IAN Walker and the rest of the Volvo Ocean Race skippers are preparing for the toughest part of their round the world sailing odyssey.

The Southampton-based ex-Olympian and his Abu Dhabi crew will start the delayed fifth leg of the VOR from Auckland tomorrow.

Cyclone Pam has caused a 72-hour postponement, but now Walker has to face up to what he considers the hardest leg of all – taking on the perilous Southern Ocean to round Cape Horn en route to Itajaí in the southern Brazilian state of Santa Catarina.

“When we’re in that part of the world and it’s night time, you’ve got ice in the water and you’re doing 30 miles per hour blind, it’s a worry,” he has said.

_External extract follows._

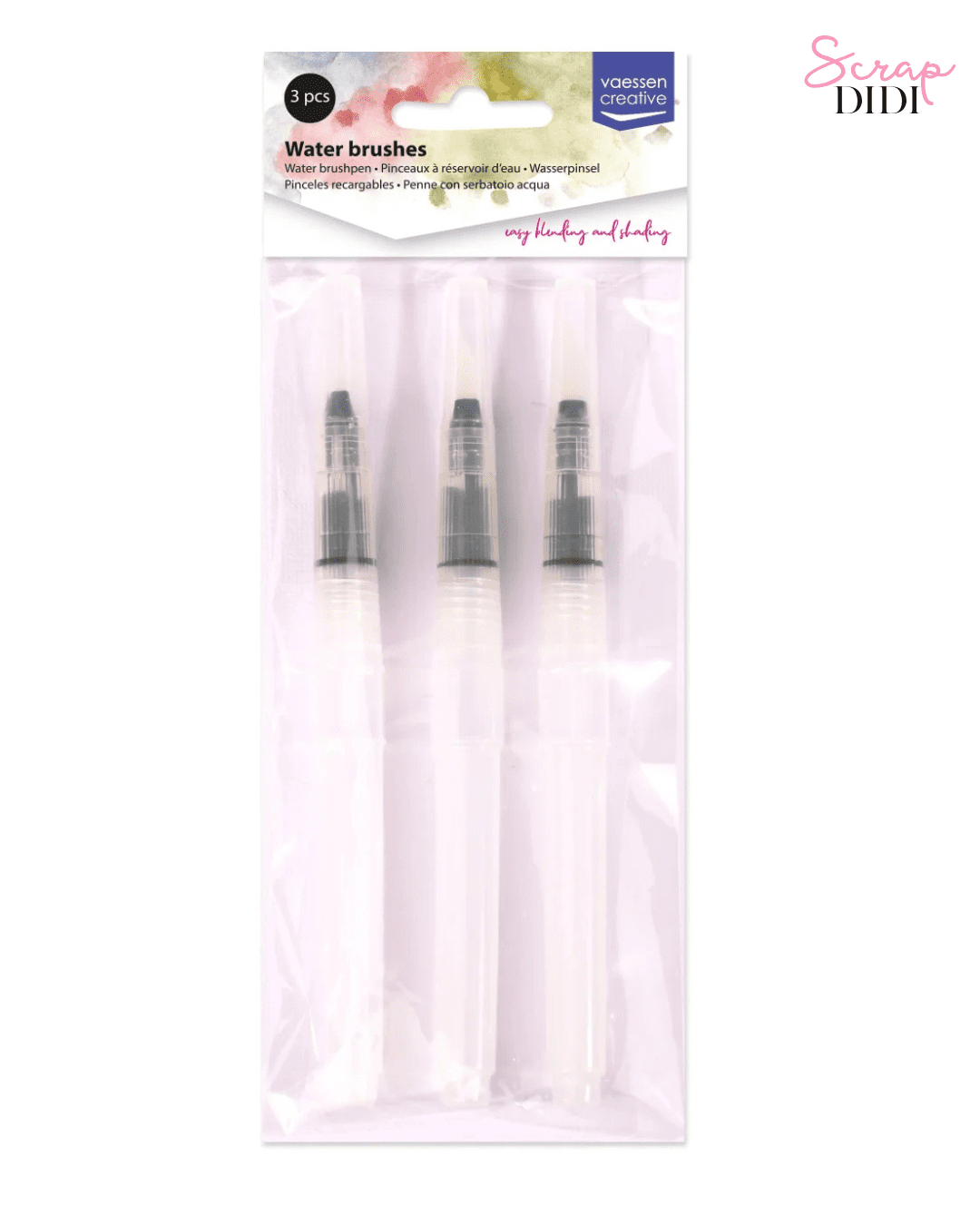 Lot de 3 pinceaux à eau Vaessen Creative avec réservoir intégré. Idéal pour aquarelle, Distress Oxide et scrapbooking.

The 45-year-old dodged potentially boat breaking and race ending icebergs when he took on the infamous ocean in the 2008-09 Volvo Ocean Race.

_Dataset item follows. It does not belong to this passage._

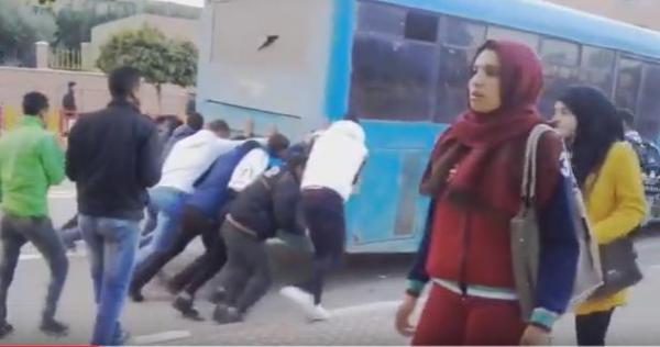 تداول رواد مواقع التواصل الاجتماعي فيديو يظهر فيه طلبة يدفعون حافلة للنقل الحضري قرب كلية الاداب ببني ملال ويساعدونها على تشغيل المحرك ، حيث يسمع في الفيديو أصوات سخرية وضحك من طرف المواطنين .

And in the 2011/12 race he was one of several skippers that had to enquire about emergency assistance in the Southern Ocean.

“We got a message back saying that the nearest ship was 1,000 miles away. That kind of focuses the mind,” he recalled.

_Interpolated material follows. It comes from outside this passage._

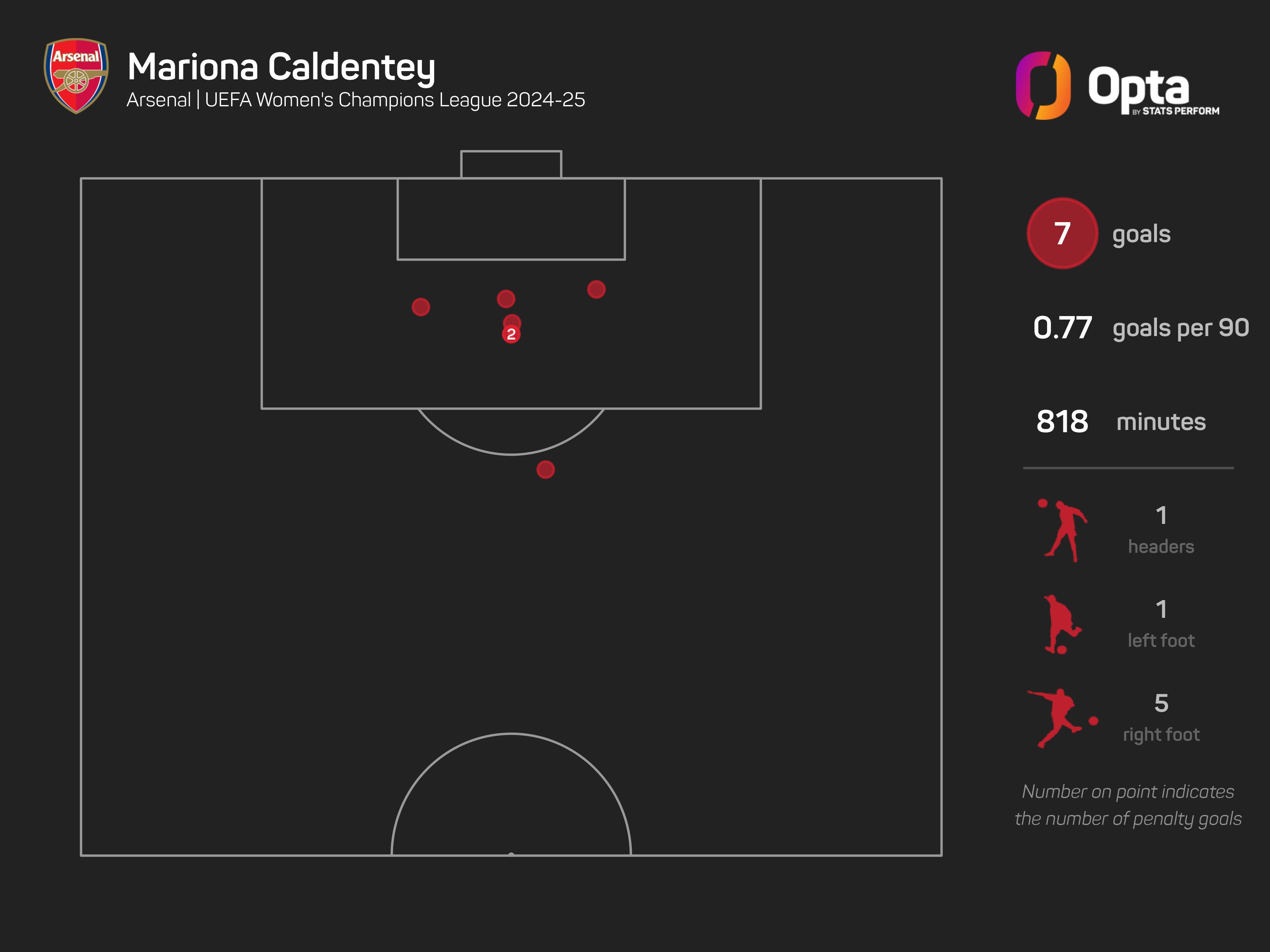 Caldentey has seven Champions League goals this season, with Barca striker Claudia Pina (10) the only player to outscore her.

“If you run into trouble in the Southern Ocean, the chances are that help would come from one of the other boats in the race.

“It is a very feared and desolate part of the world.

“If you get a storm when you’re in the vicinity of Cape Horn you need your wits about you to survive.

“That’s obviously a very notorious part of the world and we’ll be down there for about two and a half weeks.”

Despite the fear-factor, Walker insists there were moments in the world’s toughest and longest professional sailing race when he wouldn’t want to be anywhere else.

“A third of the time you’re terrified because it’s so wet and windy and wild, and you’d rather be anywhere else in the world,” he said.

“It’s a very tough environment, particularly down below trying to live and exist in a carbon fibre shell that’s being tossed around the ocean.

“It’s anything but luxury.

“A third of the time is actually quite mundane with easy conditions.

“The other third is some of the best sailing and best racing of your life where you are neck and neck with another boat, or enjoying beautiful trade wind sailing under a starry sky, and there’s no place else you’d rather be.”